When you copy from the entries that follow, take only the lines from the one with "Midea Disinfection Cabinet" down to the one with "Merk: Breitling Product: Heren", keeping both ends and dropping every picture.
>>>
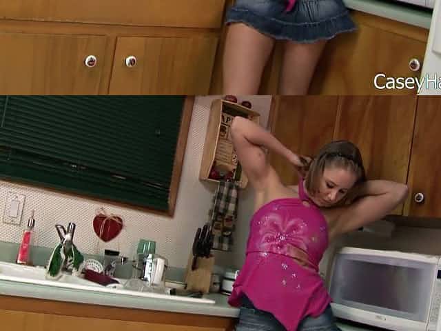 Skanky amateur GF flashes her tits before playing with her coochie
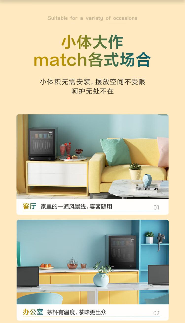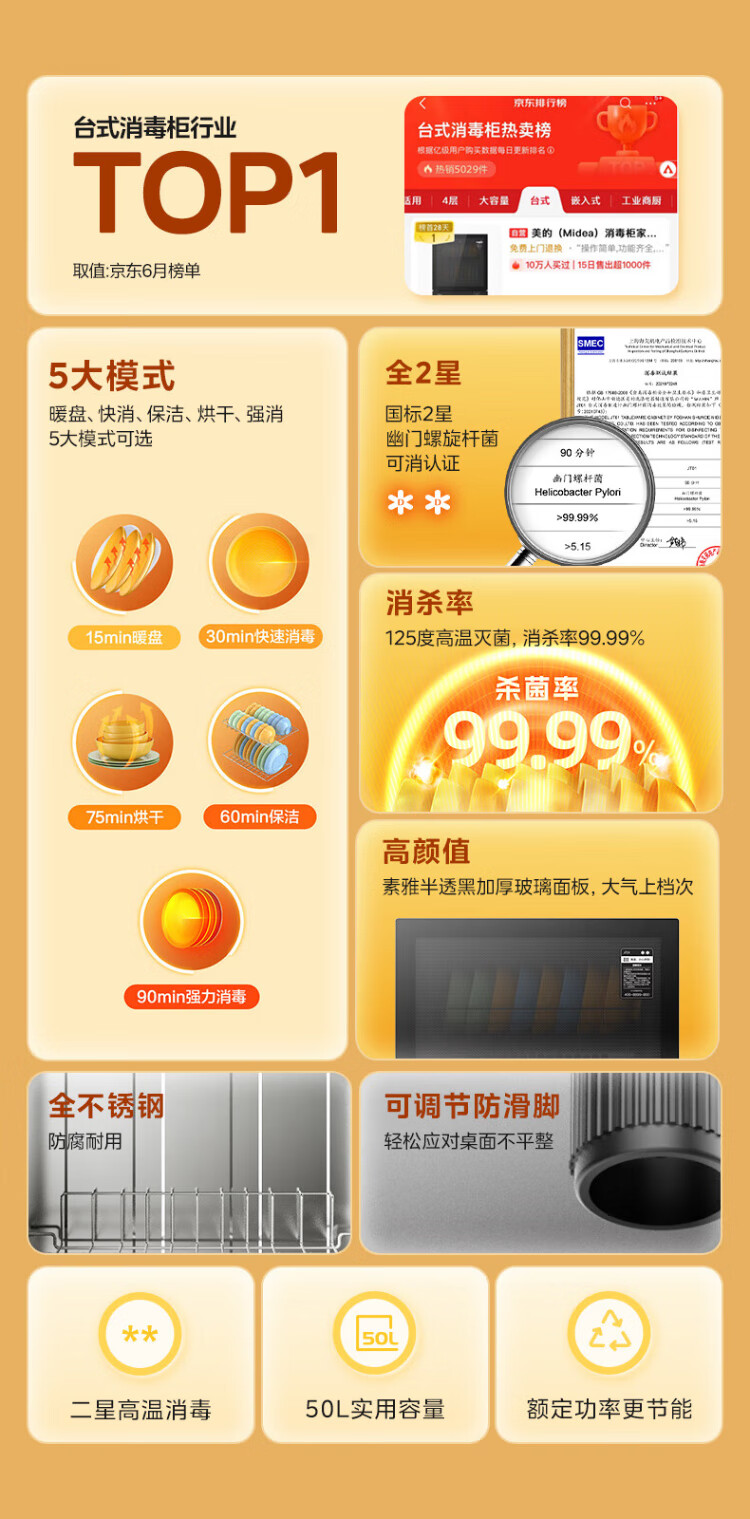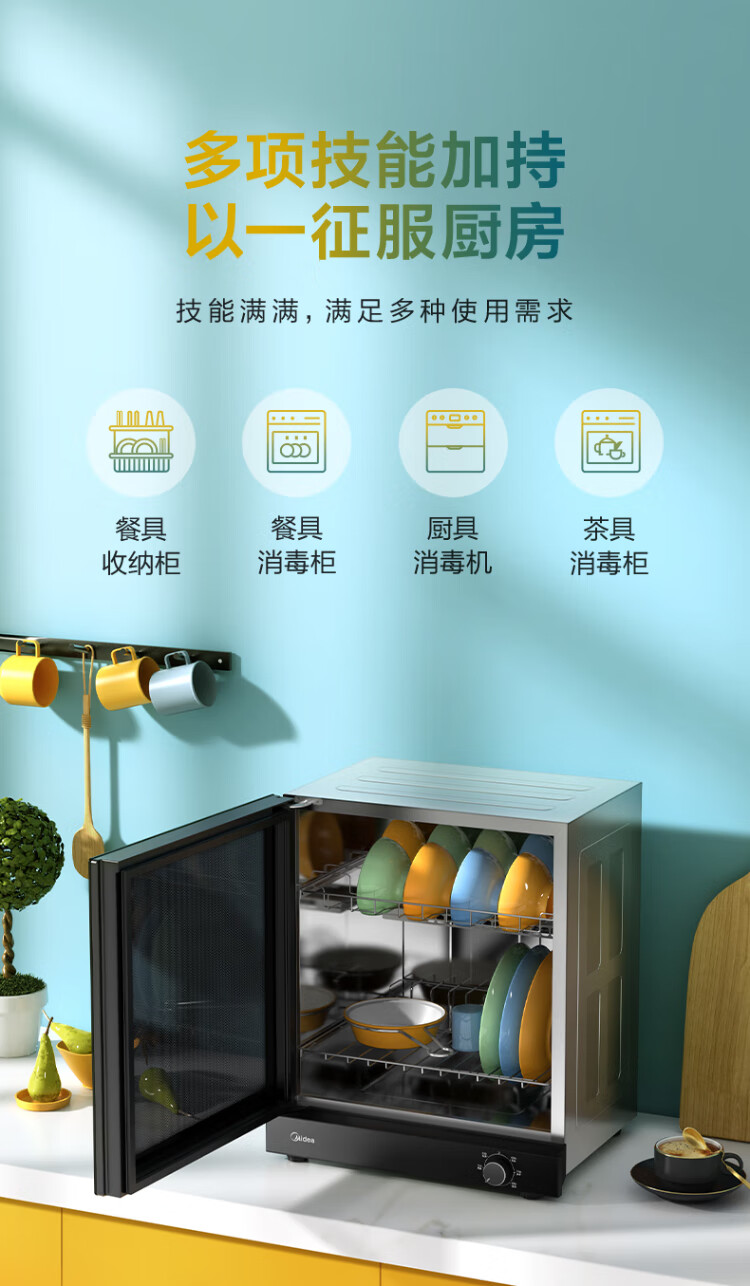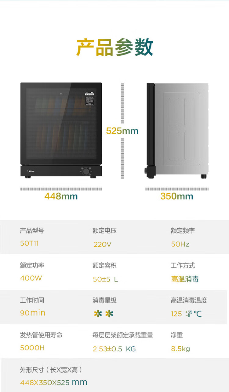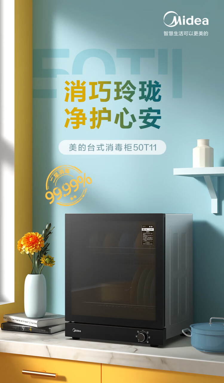 Midea Disinfection Cabinet Home Kitchen Tableware Cupboards Dishes Teacups Knives Disinfection 50L Double Layer Small Desktop High Temperature Drying Two Stars National Subsidy 50T11
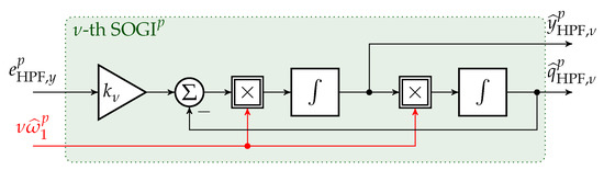 Since only one harmonic component can be detected with one SOGI, it is straightforward to implement SOGIs for different harmonic components in parallel. Moreover, note that for the low- & high-pass filtered input signal (see Figure 1) with , the harmonic component as in (10) is not available for implementation. However, it may be approximated by
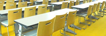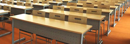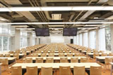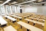 3階には200名近く収容できる講義室を2つ備えています。後ろの席でも授業がしっかりと受けれるよう、テレビ等を配置しています。
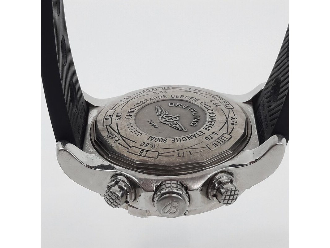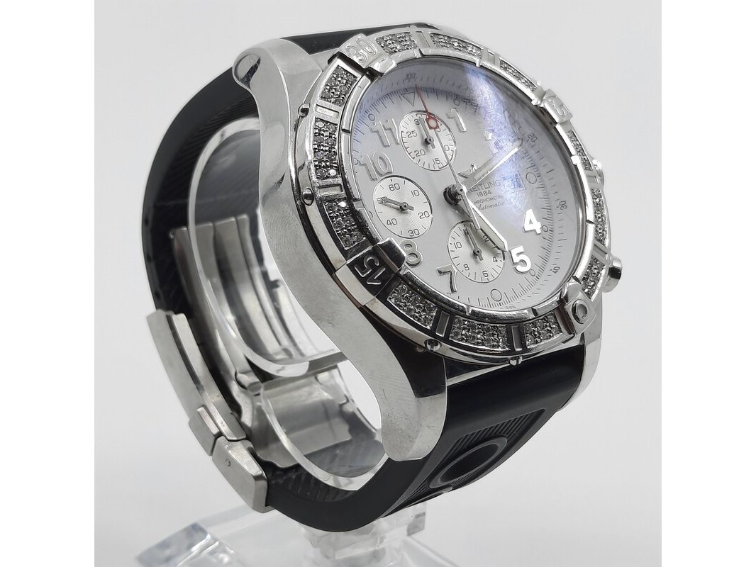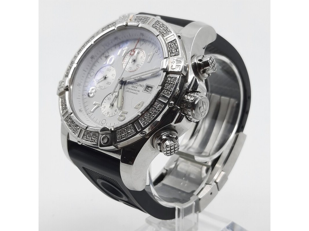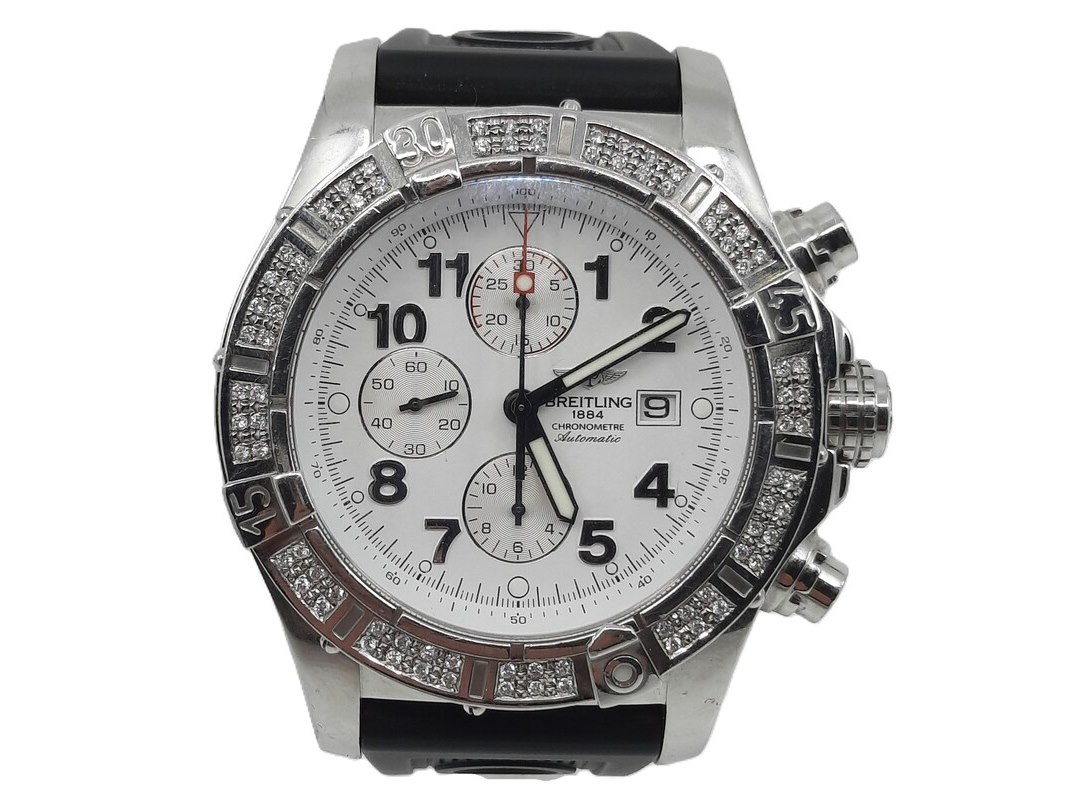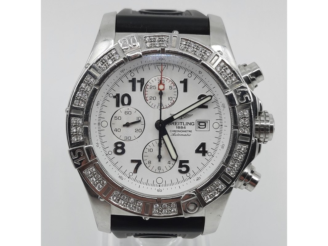 Merk: Breitling Product: Heren polshorloge Conditie: Gebruikt Specificaties: Een stalen heren polshorloge, Breitling Super Avenger. Met witte wijzerplaat, 104 briljant geslepen diamantjes op de bezel, datum en chronograaf en rubberen band met stalen vouwsluiting. Geen doos en geen certificaat. Let op, Horlogekast is niet te opnenen!
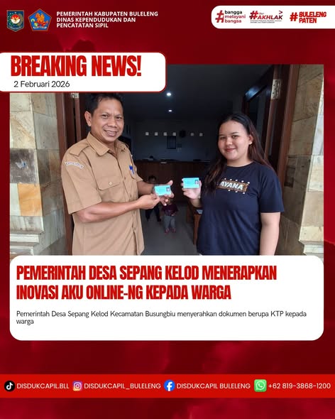 Pemerintah Kabupaten Buleleng melalui Dinas Kependudukan dan Pecatatan Sipil (Disdukcapil) Kabupaten Buleleng memaksimalkan serta mempermudah pelayanan kependudukan masyarakat dengan beberapa inovasi, melalui aplikasi AKU Online. Dimana dalam penerapan aplikasi Aku Online tersebut masyarakat tidak perlu lagi datang ke Dinas Dukcapil untuk melakukan pelayanan langsung cukup dengan datang ke Desa nanti akan dibantu oleh operator Desa masing-masing. Di Desa Sepang Kelod Kecamatan Busungbiu telah diserahkan dokumen kependudukan berupa Kartu Tanda Penduduk (KTP) yang diserahkan oleh Kelian Banjar Dinas Gunung Sari, bertempat di Kantor Perbekel Desa Sepang Kelod, Kecamatan Busungbiu, Senin (2/2).
<<<
Written answer =
 Midea Disinfection Cabinet Home Kitchen Tableware Cupboards Dishes Teacups Knives Disinfection 50L Double Layer Small Desktop High Temperature Drying Two Stars National Subsidy 50T11
 Since only one harmonic component can be detected with one SOGI, it is straightforward to implement SOGIs for different harmonic components in parallel. Moreover, note that for the low- & high-pass filtered input signal (see Figure 1) with , the harmonic component as in (10) is not available for implementation. However, it may be approximated by
 3階には200名近く収容できる講義室を2つ備えています。後ろの席でも授業がしっかりと受けれるよう、テレビ等を配置しています。
 Merk: Breitling Product: Heren polshorloge Conditie: Gebruikt Specificaties: Een stalen heren polshorloge, Breitling Super Avenger. Met witte wijzerplaat, 104 briljant geslepen diamantjes op de bezel, datum en chronograaf en rubberen band met stalen vouwsluiting. Geen doos en geen certificaat. Let op, Horlogekast is niet te opnenen!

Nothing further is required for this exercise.